• [EXERCISE BRIEF] Beginning with the line that holds "Streamline your workspace" and finishing with the line that holds "Horizontally stretched thick", repeat the listing exactly, leaving every picture out.

• [LISTED RECORDS]
━━━━━━━━━━━━━━━━━━━━

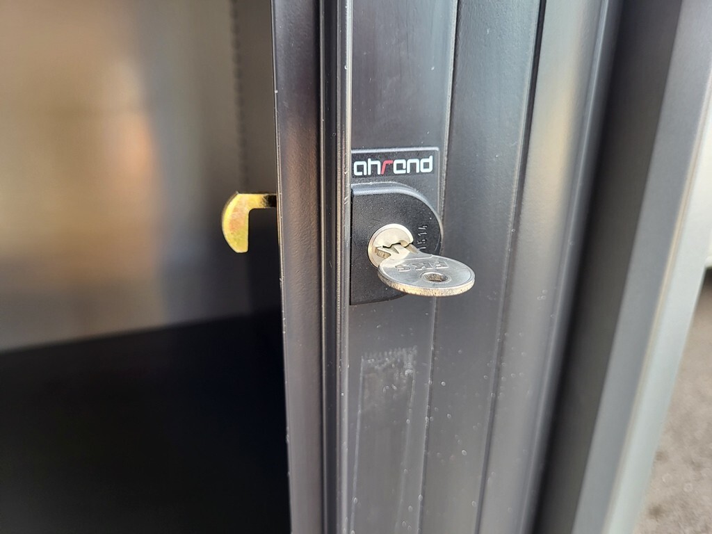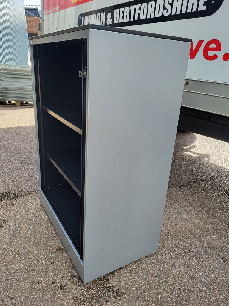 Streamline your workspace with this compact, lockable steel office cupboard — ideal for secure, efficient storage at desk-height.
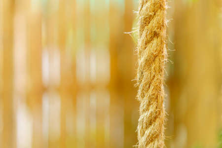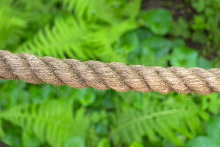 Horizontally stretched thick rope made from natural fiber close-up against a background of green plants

━━━━━━━━━━━━━━━━━━━━

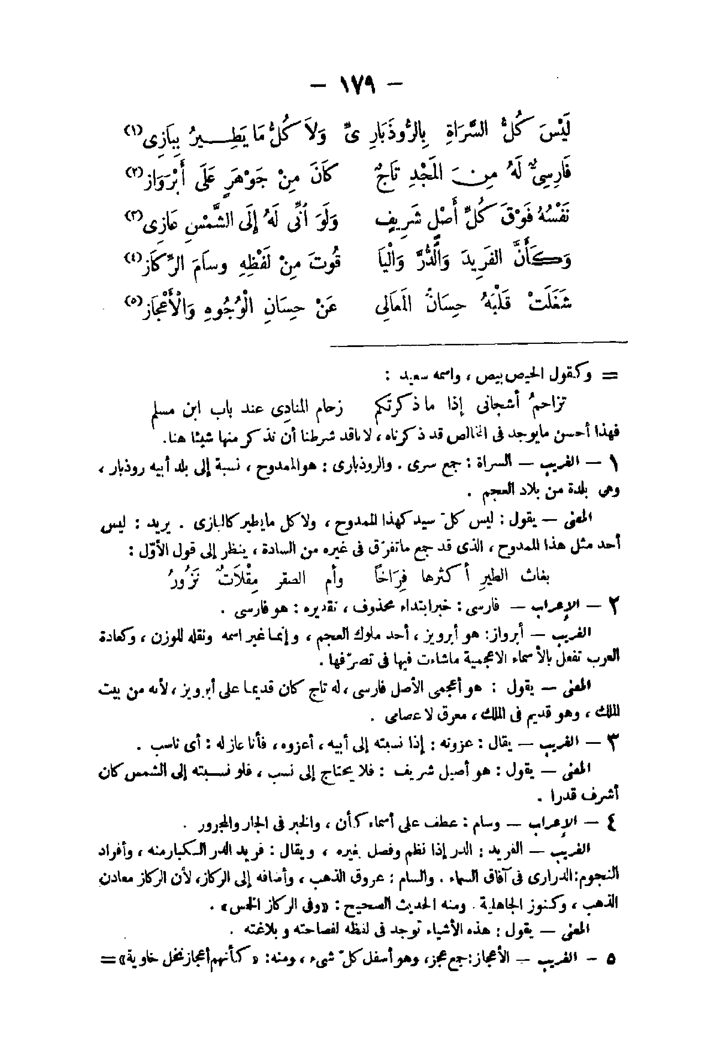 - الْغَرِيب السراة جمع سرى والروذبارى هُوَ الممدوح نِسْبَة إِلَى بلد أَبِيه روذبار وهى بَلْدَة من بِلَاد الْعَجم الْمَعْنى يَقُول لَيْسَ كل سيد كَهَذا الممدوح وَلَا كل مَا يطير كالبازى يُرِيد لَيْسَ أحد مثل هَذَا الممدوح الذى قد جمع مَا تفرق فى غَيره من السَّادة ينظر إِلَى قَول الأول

━━━━━━━━━━━━━━━━━━━━

• [SOLUTION FOR THIS EXERCISE]
 Streamline your workspace with this compact, lockable steel office cupboard — ideal for secure, efficient storage at desk-height.
 Horizontally stretched thick rope made from natural fiber close-up against a background of green plants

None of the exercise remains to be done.